» How to complete this task:
Repeat the listing verbatim. Drop any pictures.

» Provided data:
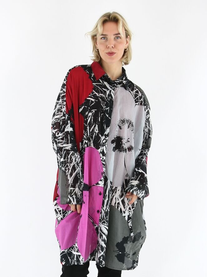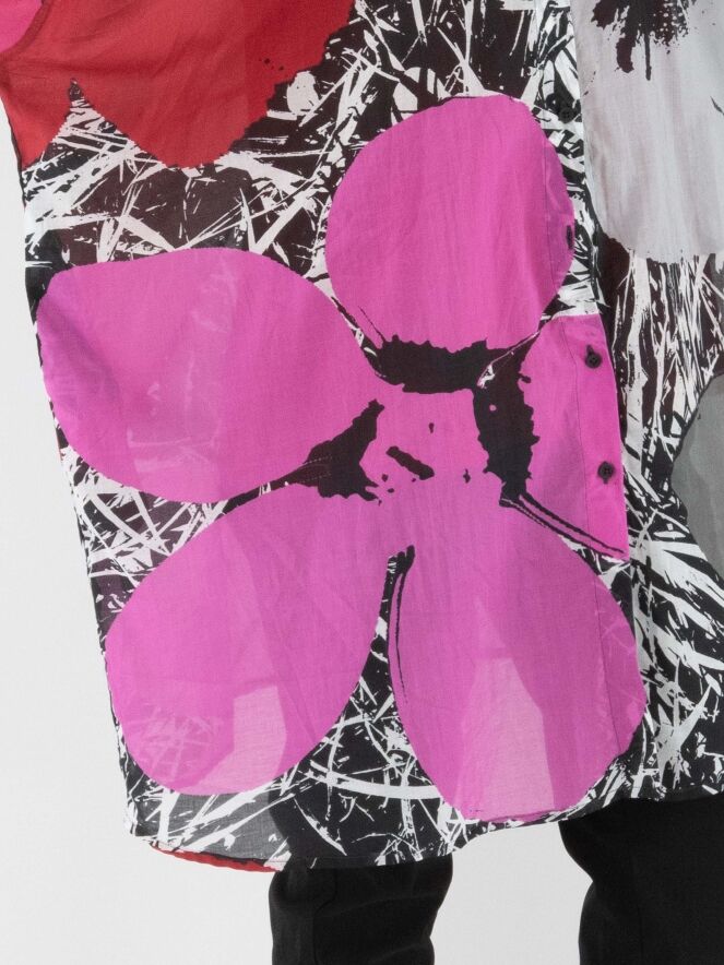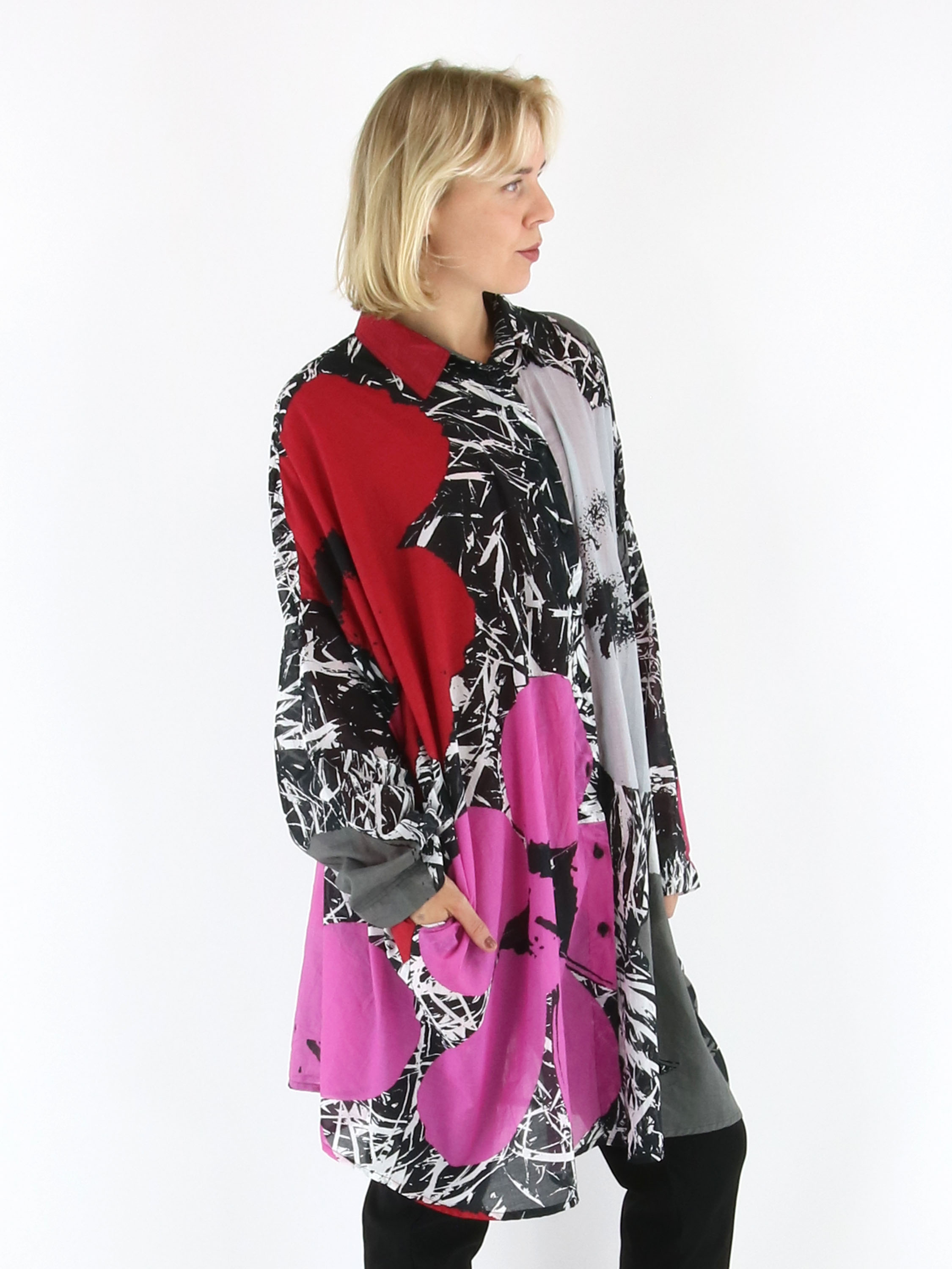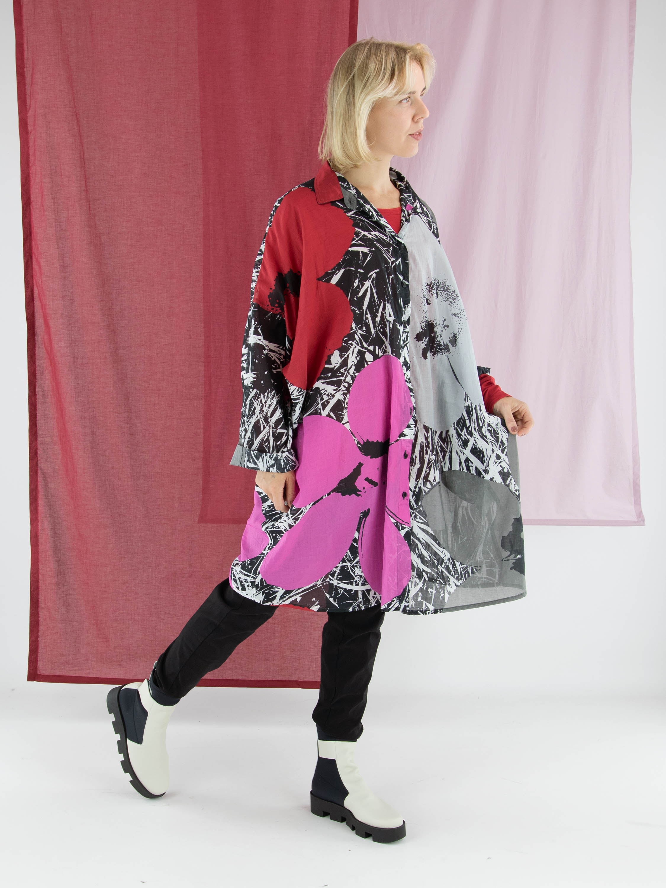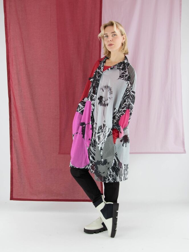 Een lange, wijde en licht transparante blouse van Rundholz Black Label met een print van grote bloemen op een grafische achtergrond. De bloemen zijn uitgevoerd in licht- en donkergrijs, pink en rood. Deze blouse mag op 30 graden worden gewassen.
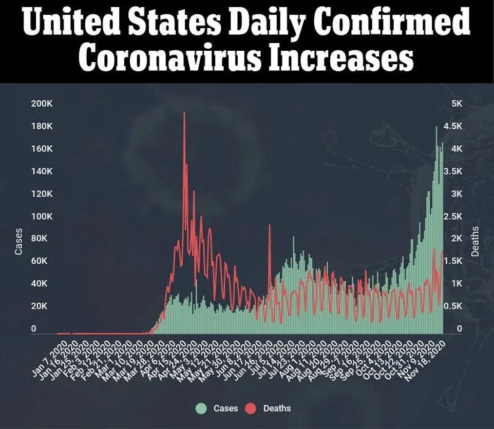 近期,随着气温下降,新冠病毒在美国呈现了一种爆炸式的猖狂状态。
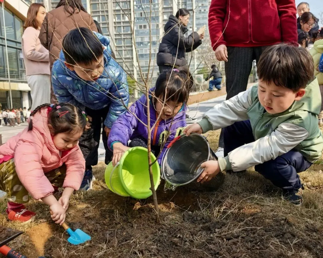 这场由童心出发、家园社携手共筑的植绿行动,不仅为幼儿园添上一抹新绿,更在孩子们心中播种下热爱生活、尊重自然的种子,让“爱・生活”课程文化在春日里悄然生长、熠熠生辉。

» Response to this exercise:
 Een lange, wijde en licht transparante blouse van Rundholz Black Label met een print van grote bloemen op een grafische achtergrond. De bloemen zijn uitgevoerd in licht- en donkergrijs, pink en rood. Deze blouse mag op 30 graden worden gewassen.
 近期,随着气温下降,新冠病毒在美国呈现了一种爆炸式的猖狂状态。
 这场由童心出发、家园社携手共筑的植绿行动,不仅为幼儿园添上一抹新绿,更在孩子们心中播种下热爱生活、尊重自然的种子,让“爱・生活”课程文化在春日里悄然生长、熠熠生辉。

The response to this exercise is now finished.